М.Исаковский. Письма.
«Спешу Вас поздравить с наступающим 1914 годом! Желаю как встретить, так и проводить в добром здравии и в веселом положении».
«Мою книжку критики встретили, как говорится, «в ножи», и я не знал, как мне работать дальше. Я всегда считал, что форма литературного произведения должна быть проста и понятна (но не примитивна), иначе литература сделается достоянием небольшой кучки литературных специалистов. Массовому читателю она будет не под силу. И вот за эту простоту меня обругали. В то же время в литературе хвалят сложные формы, например, стихи Пастернака, Сельвинского и др., которые трудно читать даже очень квалифицированному читателю: что ни строка, то формула».
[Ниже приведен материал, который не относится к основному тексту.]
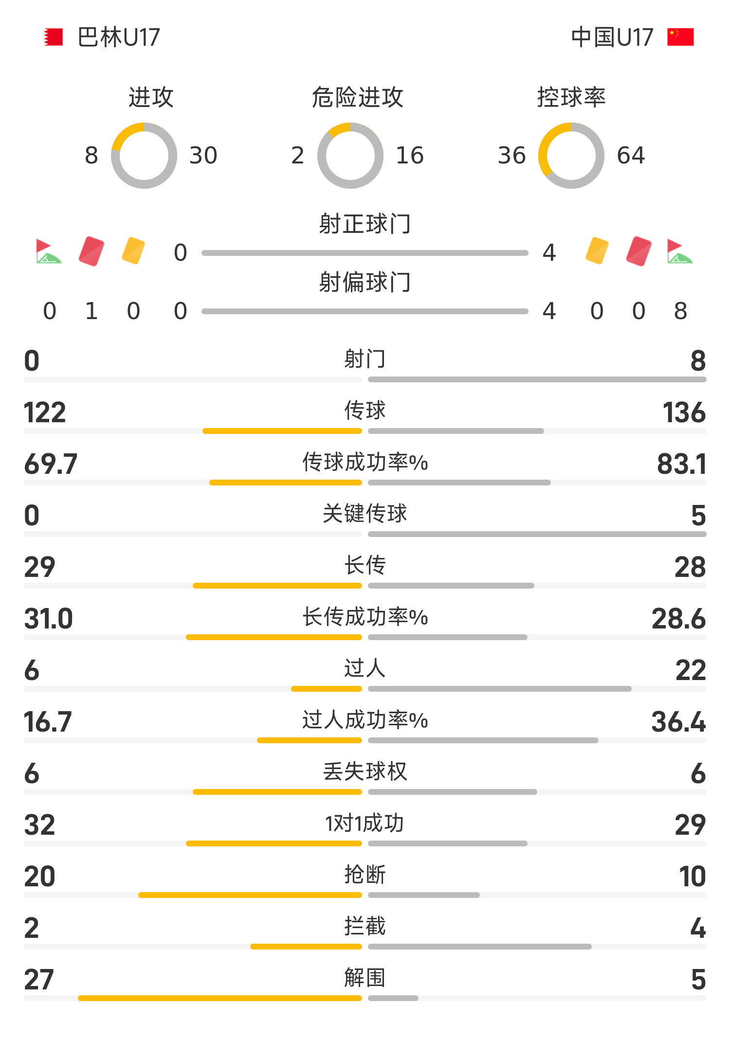 雷速體育11月22日訊 25/26賽季U17亞洲杯預(yù)選賽A組第1輪,巴林U17迎戰(zhàn)中國U17。半場(chǎng)戰(zhàn)罷,中國U17暫3-0領(lǐng)先巴林U17,帥惟浩上演梅開二度,萬項(xiàng)造點(diǎn)并主罰命中,哈賈染紅。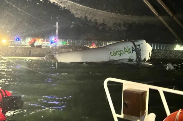 Sebuah foto yang diposting oleh AirNavRadar menunjukkan Boeing 747 yang terendam sebagian dengan bagian belakangnya, termasuk sirip ekor, hilang. Layanan pelacakan penerbangan tidak menyebutkan dari mana mereka mendapatkan foto tersebut, dan Bloomberg News tidak dapat segera memverifikasi isinya.

«Теперь о том, можно ли лечить мои глаза. В общем, лечить можно. Но обычные медицинские средства вряд ли помогут. Они могут, быть может, только чуть-чуть поддерживать. Во всяком случае, это – полумера. Главное же лечение, если это можно назвать лечением, должно заключаться в отдыхе. Врачи говорят, что я должен вести абсолютно спокойный образ жизни; работать очень мало (2-4 часа в сутки с перерывами); не должен поднимать тяжестей и вообще напрягаться; укреплять здоровье вообще (хорошее питание, воздух и пр.). Профессор же Головин советовал мне уехать в степь, чтобы дать глазам возможность «отдохнуть от предметов». Некоторые из этих советов для меня невыполнимы. Я ведь связан со службой, которую не могу бросить, т.к. она дает мне средства к существованию, поэтому мало работать не могу. Я подумывал о перемене службы, но безрезультатно. Нет такой работы, которая не требовала бы глаз. Теперь мне 28 лет. Если бы благополучно дотянуть до 35-40 лет, то тогда было бы хорошо. В этом возрасте близорукость перестает прогрессировать».
читать дальше
«Собрать бы рублей тысячу. На эти средства я мог бы прожить месяцев восемь или даже год (на моем иждивении, кроме меня, находятся еще два человека). За год я мог бы кое-что сделать. Во-первых, подучился бы. Во-вторых, кое-что написал бы, и это дало бы новые средства к жизни. В-третьих, я был бы в лучших условиях в смысле подбора материала для своих произведений. А то пишу я о деревне, а живу в городе. Это плохо. Город знает о деревне не все, а я хочу и должен не только знать все, но и видеть, как это «все» происходит в жизни. В-четвертых, я работал бы столько, сколько могут вынести мои глаза, а не столько, сколько заставят на службе».
«Прости, что я так не скоро отвечаю. Дело в том, что отвечать на письма я могу только по воскресеньям, т.к. будние дни заняты на службе, а вечерами мне работать нельзя».
(Твардовскому) «В общем, ты не особенно беспокойся. Ведь факт тот, что каждый день приезжают сотни людей, и все находят способ уехать из Севастополя. Найдешь этот способ и ты, и все будет в порядке».
«Написал я стихи «Письмо друзьям», но оказалось, что друзей, которым можно послать это «письмо», крайне мало…»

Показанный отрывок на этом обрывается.